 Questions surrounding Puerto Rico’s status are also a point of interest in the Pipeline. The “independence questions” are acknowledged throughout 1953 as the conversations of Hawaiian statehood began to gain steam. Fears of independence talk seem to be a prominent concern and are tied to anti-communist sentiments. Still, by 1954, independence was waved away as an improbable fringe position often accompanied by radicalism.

==

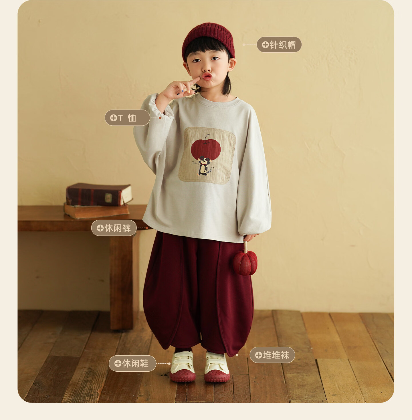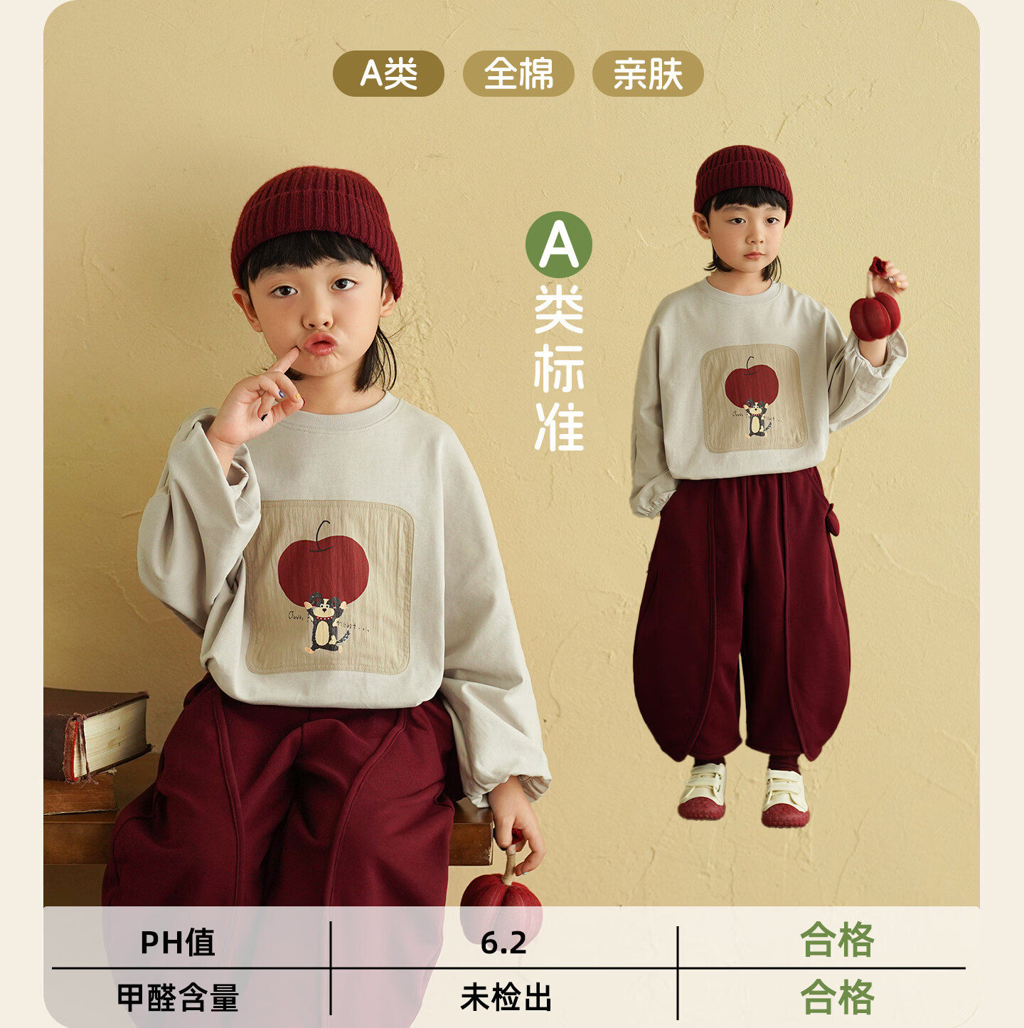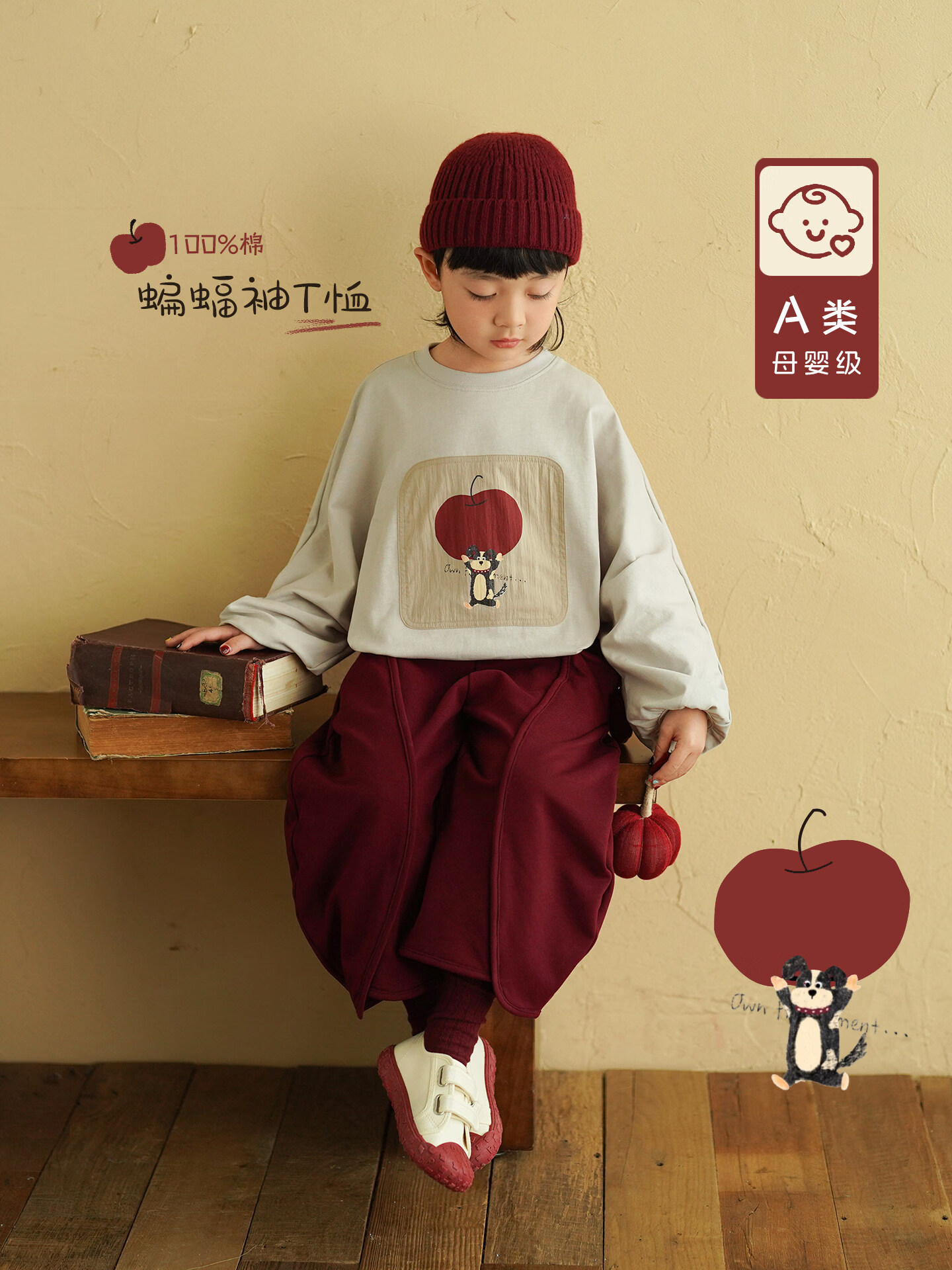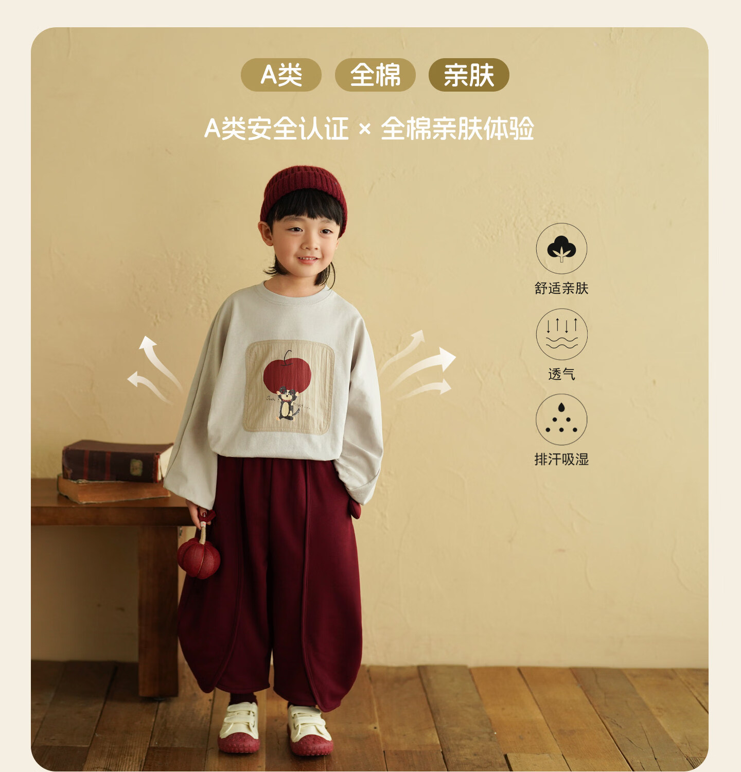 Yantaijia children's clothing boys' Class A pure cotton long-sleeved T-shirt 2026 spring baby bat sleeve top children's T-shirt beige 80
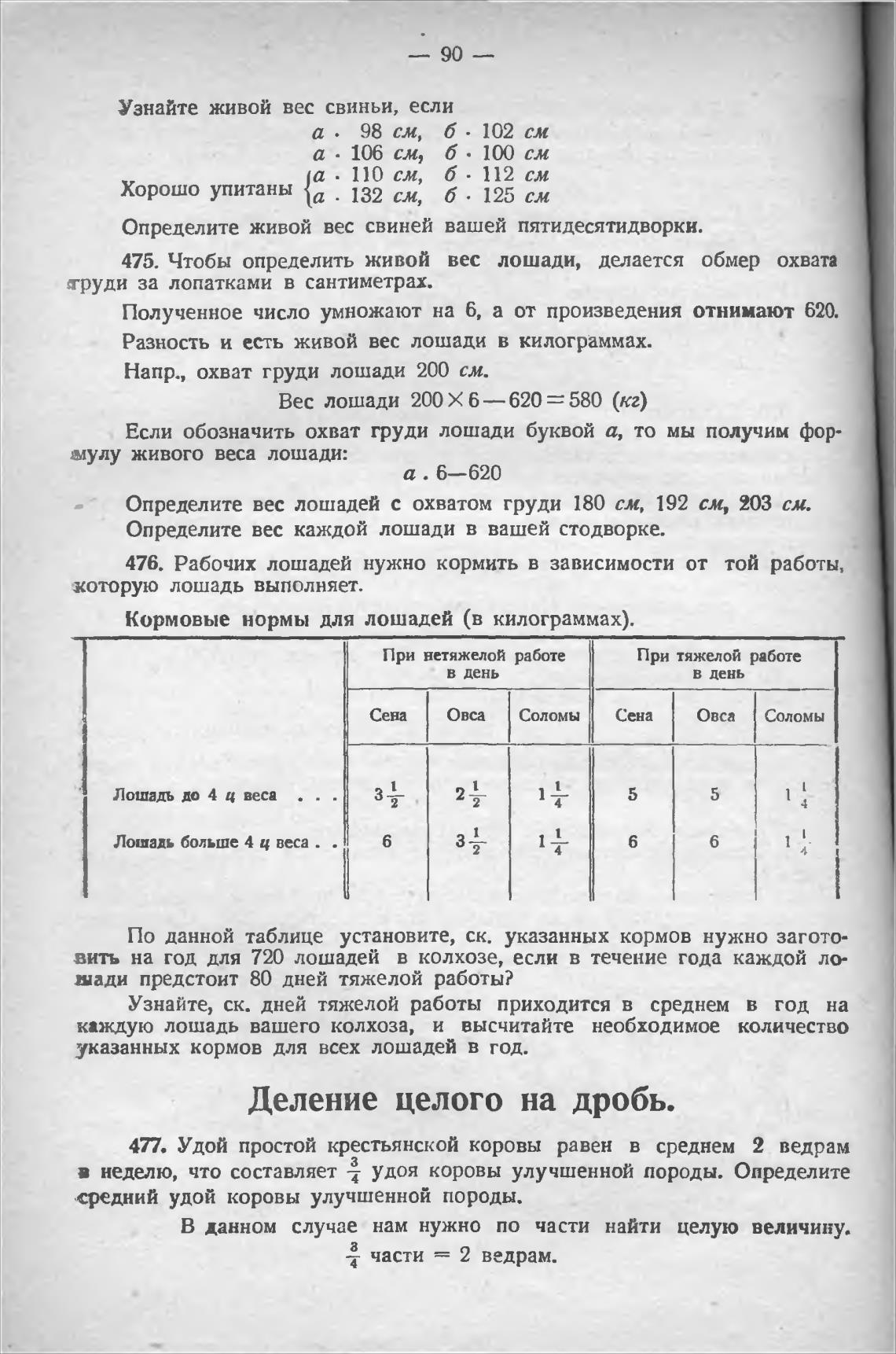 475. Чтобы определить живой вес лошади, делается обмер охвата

== DIRECTIONS FOR THIS TASK ==
Starting at the line above that contains "Yantaijia children's clothing", transcribe every line exactly through the line that contains "475. Чтобы определить", including that last one, and skip the pictures.

== YOUR SOLUTION ==
 Yantaijia children's clothing boys' Class A pure cotton long-sleeved T-shirt 2026 spring baby bat sleeve top children's T-shirt beige 80
 475. Чтобы определить живой вес лошади, делается обмер охвата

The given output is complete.